If you’re a “Star Wars” fan, you may know that Luke Skywalker’s adoptive family worked as moisture farmers. The skills that Skywalker learned as a farm boy laid the foundation for his success as a Jedi knight.

Successful business owners and salespeople share Skywalker’s traits. Jedi-caliber sales require a farmer’s mind-set to generate steady pipeline of prospects. Here’s a framework for planting, cultivating and harvesting sales in 2016.

Planting // Visualize your potential prospects by creating a hub-and-spoke relationship diagram. Place a circle with your name as the hub, and identify all of the entities or types of people that you know who might lead you to prospects. There are many options available online for developing a diagram; here’s a starter example:

Generate additional offshoots for each spoke, using the following questions:

  • Whom do I know who could be a prospect or who could introduce me to prospects?
  • What events or meetings do they attend that I could attend?
  • Who else should I be talking to?

Cultivating // Chances are that you have a stack of business cards from prospects you met and intended to reconnect with after an initial meeting. Sending a New Year card in January is a thoughtful and inexpensive way to reconnect.

Year-round, you can reconnect with a handwritten note or by email. Think about the conversation you had, and draft a message that incorporates the follow up you’d like to initiate. Here’s a template:

It was good to meet you at the IOGA meeting recently. I enjoyed comparing notes about (business topic) with you, and also appreciated our conversation about (personal interest). It’s always a pleasure to meet a like-minded enthusiast!

I’d enjoy continuing our conversation. Are you available for coffee over the next few weeks? Please let me know some dates and times that can work. I look forward to reconnecting with you.

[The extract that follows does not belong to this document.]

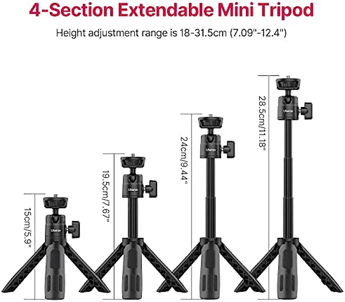 • Compact and Portable Tripod: The mini tripod adopts 3-stage telescopic method, which can be extended to 18cm-31.5cm/7.08inch-12.4inch. The storage size is 18cm/7.08inch, and it only weighs 135g, making it easy to put in a bag

Harvesting // Review your prospects’ harvesting potential by asking the following questions:

  • What’s preventing me from asking for the sale? What do I need to do to change that?
  • Are there other influencers or decision-makers I haven’t met? Have I asked my prospect, “Who else should I be talking to?”

Your answers will reveal open-ended questions to ask your prospect. Listen for buying signals or conditions, which can help you to frame a trial close. Two ways to frame a trial close are:

  • “If I could (specific action or condition), would that be beneficial for you?”
  • “If I can provide a (solution, answer, option) that will work for you, are you interested in moving forward?”

Like the box office receipts for “Star Wars,” the payout for planting, cultivating and harvesting your prospects in 2016 can be stellar Jedi sales.